An ADHDer’s motivation deficiency is often attributed to depression, however these aren’t mutually exclusive; someone with ADHD may have depression-like symptoms without having depression at all. This isn’t to say that all people with ADHD do not have depression. In fact, adolescents with ADHD -such as myself- are ten times more likely to develop depression along with other mental illnesses such as anxiety, OCD, etc. (Roth, 2019). Depression, along with ADHD, often manifests itself as unfinished homework and lengthy cat naps. Even worse are the labels assigned to those with ADHD— lazy, self-absorbed, inconsiderate, spoiled, the list goes on. What neurotypical individuals fail to understand is that a lack of task initiation renders me frozen, leaving me stuck laying down in an endless cycle of scrolling through social media for extended periods of time. During this state of paralysis, I am not not enjoying my so-called “laziness.” Contrary to how it appears, my mind is at war with itself. Internally, my brain is screaming at me to get up and be productive to no avail. If I had a penny for everytime I’ve mentally shouted at myself to get up and be productive, I wouldn’t have to worry about student loans. It is because of my absence of motivation that tasks take me three times as long if they get finished at all – putting me at a severe disadvantage when it comes to finishing both long and short-term goals. 


Rejection Sensitive Dysphoria: 

A common symptom of ADHD is RSD, or rejection sensitive dysphoria. Simply put, rejection hurts a whole lot more with ADHD. For a neurotypical person, the anguish from rejection is painful, but short-lived.
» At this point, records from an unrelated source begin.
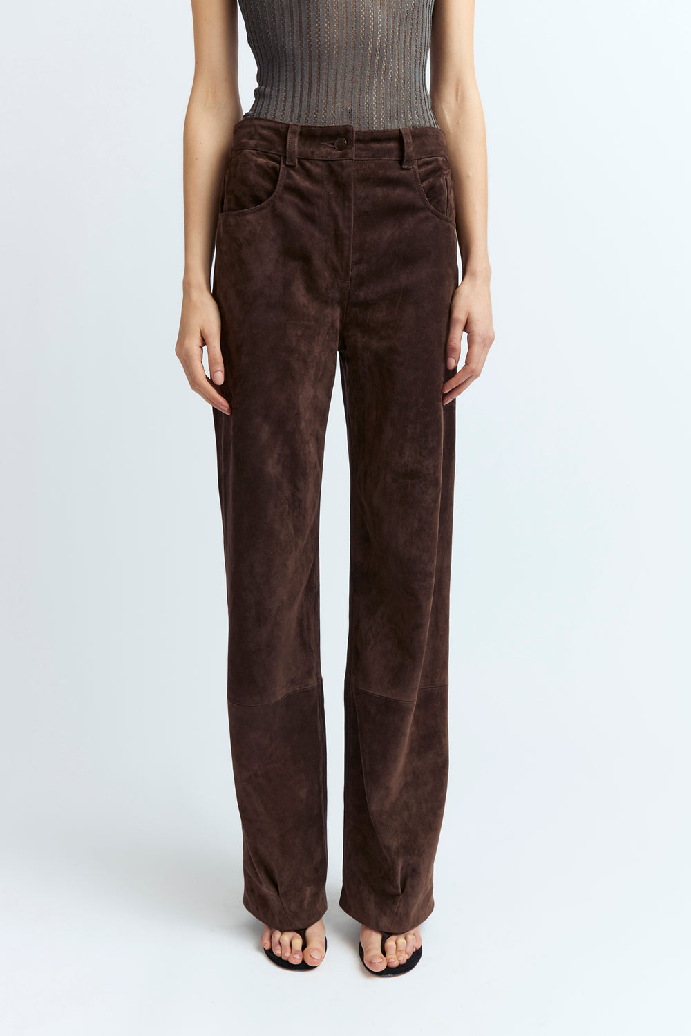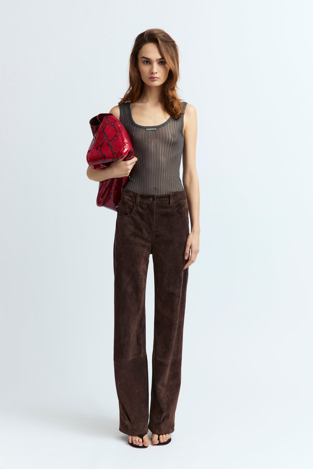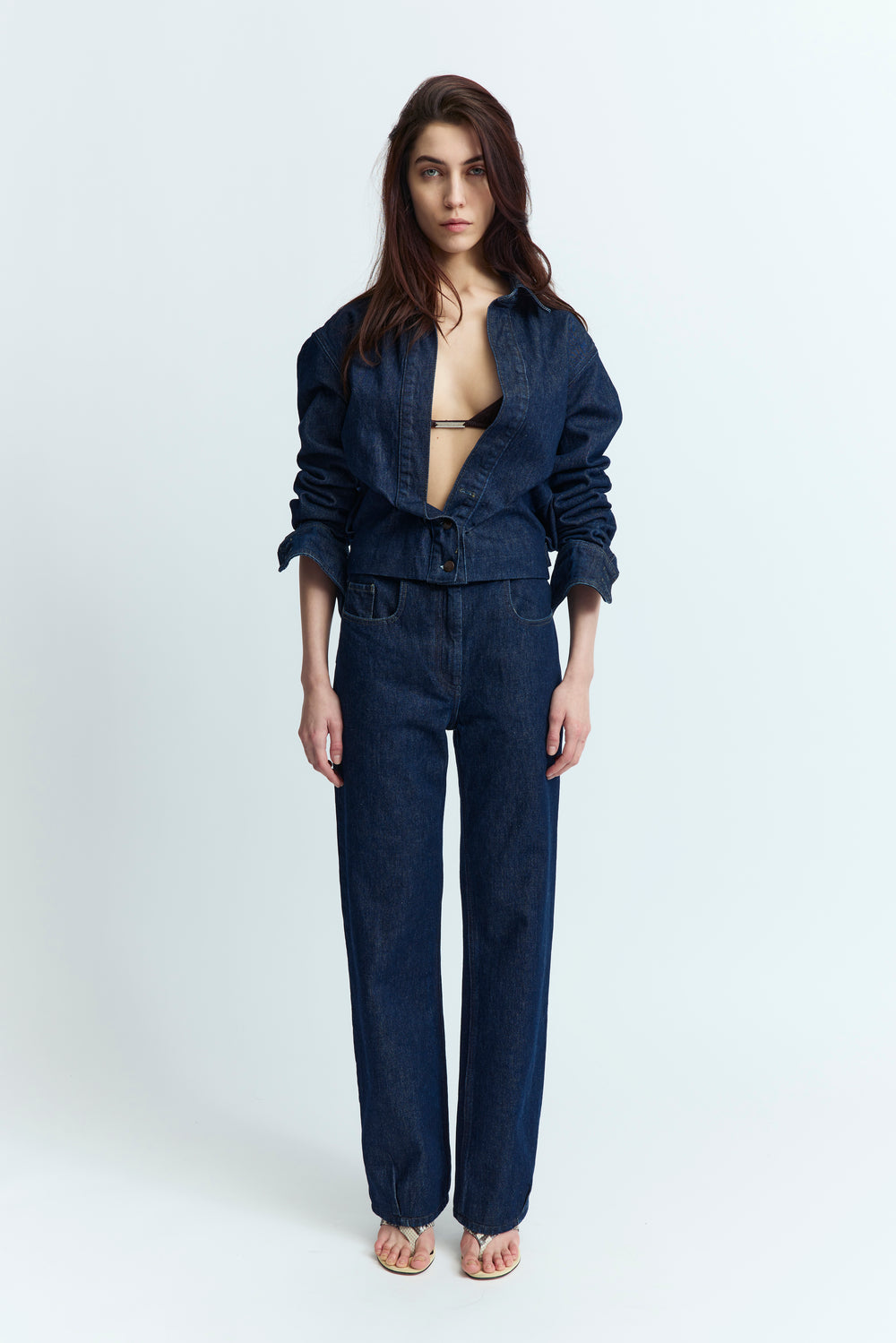 The Armine Trouser is a straight-leg design with a slightly tapered silhouette, featuring a dart at the hem for added structure. Branded with the 16Arlington leather patch on the rear waistband, it includes four pockets – two at the front and two at the rear. Styled with the matching Ada Jacket for the SS25 runway show.
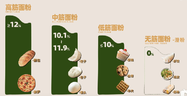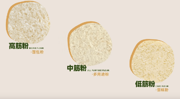 第一步是選對面粉,按照筋力,面粉可分為高筋、中筋、低筋、無筋。在中國標準中,高筋面粉蛋白質含量≥12%,適合制作面包,低筋面粉蛋白質含量≤10%,適用於餅幹、蛋糕,介於這兩者間的是中筋面粉,一般用來做饅頭、餃子等面食。還有不含蛋白質的無筋面粉,也叫澄粉,可以用來做涼皮、腸粉。
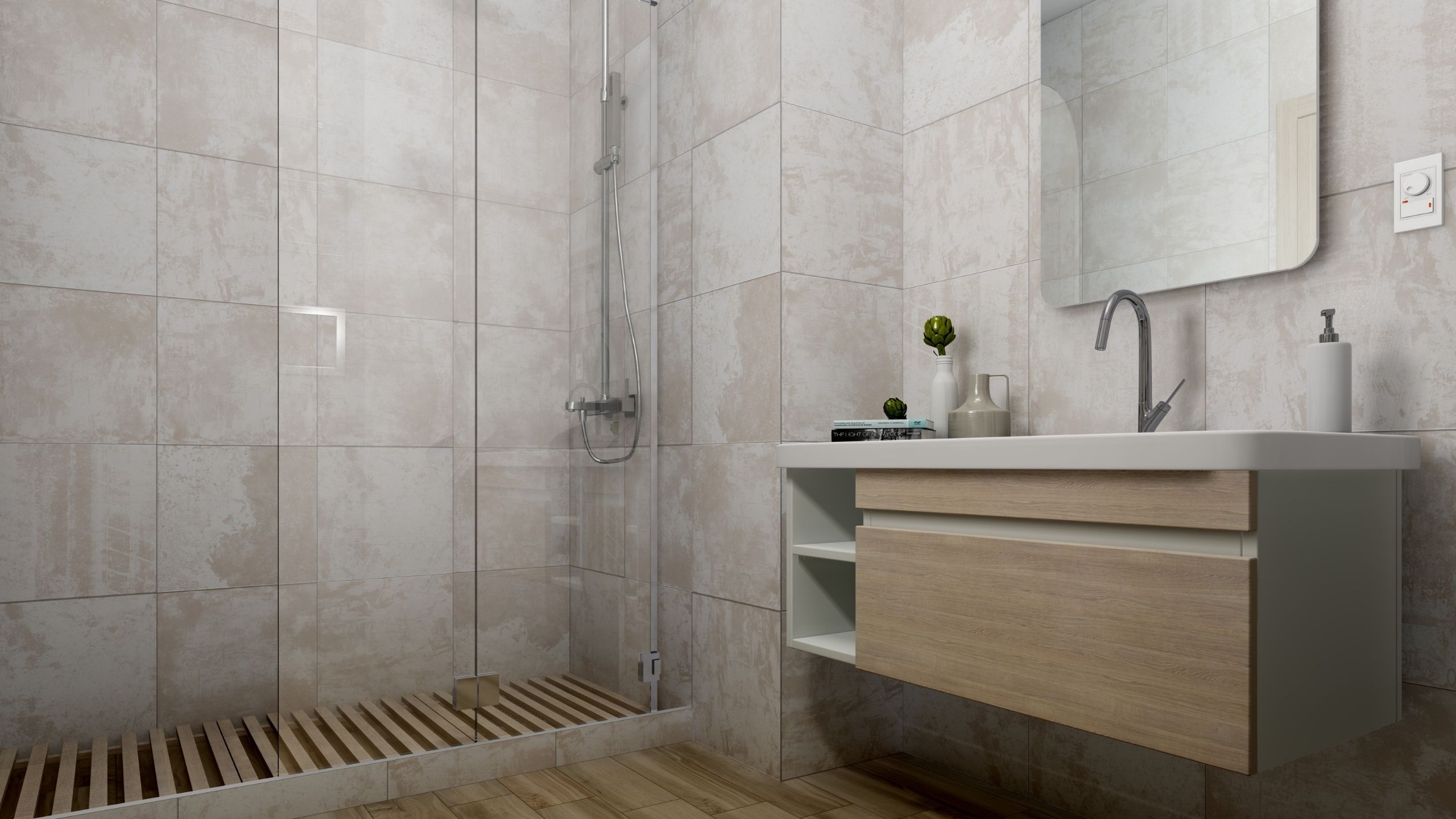 - Широкоформатные плиты также можно выбирать. Но учтите, стены комнаты должны быть идеально ровные. Если это не так, и нужно будет еще дополнительно выравнивать поверхности — это отнимет дополнительное пространство.

For someone with ADHD, however, any form of rejection, regardless of how small, feels like the end of the world and can oftentimes manifest as physical pain. For the majority of neurotypicals, a failed test indicates that there’s something to be improved upon, but to me, a failed test means that I’m the most worthless, unintelligent, unsuccessful person in history. The mere idea of “rejection” and the feelings of anguish that inevitably follow, has prevented me from pursuing opportunities if there is the slightest chance of failure. The ideology of “trying again” that has been so heavily ingrained in society, has never resonated with me. From afar, I’ve observed how despite their utter and complete failure, my neurotypical classmates have always managed to get up, dust themselves off, and try again. It’s perplexing and somewhat isolating. For them, the sky’s the limit, meanwhile my phobia of rejection has stopped me from looking up. 


 Looking Past the Diagnosis:

ADHD is a chronic condition and not something easily controlled. The symptoms previously mentioned that affect my day to day makes being alive incredibly difficult. There are days when I scream into my pillow, condemning God, the universe, fate, or whoever was in control of my genetics, for forcing me to live with ADHD. The realization that I will never be free of my “quirks” haunts me and it saddens me to know that I will never be able to think or act like a “normal” person. Neurotypicals tend to have this optimistic view of ADHD, labeling it as a “super-power,” forgetting its virulence. This viewpoint within itself is a privilege, and actively disregards the struggles that individuals with ADHD face on a daily basis. The lack of understanding from educators, peers, and society in general, only makes things more difficult for those with ADHD.